Except that, if x is really obj.foo, or obj[a] then the notion of x
getting evaluated once is a little squirrelly, because reading x is
done by evaluating obj.foo or obj.[](a), and writing it (should the
assignment actually occur) is done by evaluating obj.foo=(y) or
obj.[]=(a,y)

The fact that x = y is actually a method call under some circumstances
is what's special about Ruby, and why simply extending K&Rs
explanation of op= misses the point.

···

On Fri, May 2, 2008 at 8:35 AM, Simon Krahnke <overlord@gmx.li> wrote:

--
Rick DeNatale

My blog on Ruby
http://talklikeaduck.denhaven2.com/

But x is different whether its on the RHS or LHS

The problem is that it's not a textual substitution.

  h[1+2] ||= 3 is like

  arg_temp = 1 + 2
  h[arg_temp] || h[arg_temp] = 3

Keep in mind that unlike operators like + and -, || and && are really
control flow 'operators' implemented by testing and branching. The
same is true of ||= and &&=, which I suppose is the point.

Ruby 1.9 makes it somewhat easier to see what's really happening.

k$ ruby1.9 -ve'puts VM::InstructionSequence.compile("h={};h[\"a\" +
\"b\"] ||= 3").disasm'
ruby 1.9.0 (2008-03-21 revision 0) [i686-darwin9.2.2]
== disasm: <ISeq:<compiled>@<compiled>>=================================
local table (size: 2, argc: 0 [opts: 0, rest: -1, post: 0, block: -1] s1)
[ 2] h
0000 newhash 0 ( 1)
0002 setlocal h
0004 getlocal h
0006 putstring "a"
0008 putstring "b"
0010 opt_plus
0011 dupn 2
0013 opt_aref
0014 dup
0015 branchif 28
0017 pop
0018 putobject 3
0020 send :[]=, 2, nil, 0, <ic>
0026 leave
0027 pop
0028 swap
0029 pop
0030 swap
0031 pop
0032 leave

I'm sure that Ruby 1.8 does pretty much the same thing, but I don't
have the time to dig through parse.y and eval.c to prove it.

···

On Fri, May 2, 2008 at 12:12 PM, Pit Capitain <pit.capitain@gmail.com> wrote:

2008/5/2 Rick DeNatale <rick.denatale@gmail.com>:

> 3) I say first approximations because of David Black's observation
> that x ||= y and x || x = y differ when x is undefined.
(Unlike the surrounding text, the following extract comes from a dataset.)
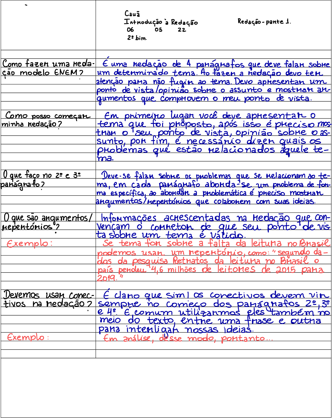 FOLHA DE ANOTAÇÕES CORNELL Nome: ________________________________________ Aula: ______________________ Tópico: ________________________ Data: _______/ _____/ ________ Período ______ PERGUNTAS ANOTAÇÕES RESUMO: Escreva 4 ou mais sentenças descrevendo o que você aprendeu destas anotações. __________________________________________________________________________________________ __________________________________________________________________________________________ __________________________________________________________________________________________ __________________________________________________________________________________________ __________________________________________________________________________________________ - Cauã Introdução à Redação Redação - parte 1 . 06 05 22 2º bim. Como fazem uma Meda - É uma redação de 1- parágrafos que deve falar sobre ção modelo ENEM ? um determinado tema . Ao fazer a redação devo ter atenção para não fugir ao tema. Devo apresentar um ponto de vista /opinião sobre o assunto e mostramargumentosque comprovem o meu ponto de vista . Como posso começar Em primeiro lugar você deve apresentar o minha redação ? tema que foi proposto , após isso é precisomostraro seu ponto de vista, opinião sobre oassunto , por fim, é necessário dizer quais os problemas que estão relacionados aqueletema . O que faço no 2º e 3º Deve - se falam sobre os problemas que se relacionam ao te- parágrafo ? ma , em cada parágrafo aborda- se um problema deformaespecífica, ao abordar a problemática é preciso mostrar argumentos/repertórios que colaborem com suas ideias. O que são argumentos/ Informações acrescentadas na redação que con- repertórios ? Vençam o corretor de que seu ponto devistasobre um tema é válido . Exemplo : Se tema for sobre a falta da leitura noBrasil podemos usar um repertório , como : " segundodadosda pesquisa Retratos da leitura no Brasil o país perdeu 4,6 milhões de leitores de 2015 para 2019 . " Devemos usar conec- É claro que sim ! Os conectivos devem vir tivos na redação ? Sempre no começo dos parágrafos 2º , 3º ' e 4º. É comum utilizaremos eles também no meio do texto , entre uma frase e outra para interligar nossas ideias .Exemplo : Em análise , desse modo , portanto . . . FOLHA DE ANOTAÇÕES CORNELL Nome: ________________________________________ Aula: ______________________ Tópico: ________________________ Data: _______/ _____/ ________ Período ______ PERGUNTAS ANOTAÇÕES RESUMO: Escreva 4 ou mais sentenças descrevendo o que você aprendeu destas anotações. __________________________________________________________________________________________ __________________________________________________________________________________________ __________________________________________________________________________________________ __________________________________________________________________________________________ __________________________________________________________________________________________ Cauã Redação - parteI Redação - parte I 07 05 2022 2º bim . O que colocam no ÚHI - No último parágrafo devemos solucionar os problemas no parágrafo ? que estão ligados ao tema , apresentando uma ou duas soluções possíveis que respeitem osdireitoshumanos . É preciso detalhar bem essa solução, respondendo as seguintes perguntas : quem irásolucionar/ amenizam o problema ? ; o que será feito ? ; como será feito? e para quê ? Quantas linhas devo introdução : 4- 6 linhas fazem em cada pará segundo : G - 9 linhas gmafo? terceiro : 6-9 linhas quanto : 6- 8 linhas BÔNUS : antes de iniciar uma redação pesquise sobre o = tema com o objetivo de obterconhecimentosobre o assunto e selecionar argumentos para utilizar no texto; faça um recorte do tema C-✗ : a falta de leitores no Brasil e suas consequências . ↳ tema ↳ lugar ↳ abordagem a proposta pede para falarmos sobre a falta de leitores de um local em específico : Brasil. pede ainda para mostrar as consequências desse tema . O que são os são os agentes responsáveis por solucionar GOMIFES ? Os problemas. G : governo E : escola 0 : ONGs S : sociedade M : mídia I : Igreja F : família Análise de redação : +_oAEEtAEoA-oooTm opinião / tese problema repertório /argumento histórico agente ◦ que será feito para quê ? A Tabela de conectivos : �"&)%"�"���"&)%"�"��

They obviously also differ if evaluating x has side effects as in

  h = {}
  h[print("f")] ||= 1

  h = {}
  h[print("o")] || h[print("o")] = 1

  # => foo

so x ||= y is more like

  ref = &x; *ref || *ref = y

with the reference (&) and dereference (*) operators of C.

--
Rick DeNatale

My blog on Ruby
http://talklikeaduck.denhaven2.com/

* Rick DeNatale <rick.denatale@gmail.com> (20:05) schrieb:

Ruby 1.9 makes it somewhat easier to see what's really happening.

Thanks a lot!

k$ ruby1.9 -ve'puts VM::InstructionSequence.compile("h={};h[\"a\" +
\"b\"] ||= 3").disasm'

Can you give any documentation pointers for this cool stuff?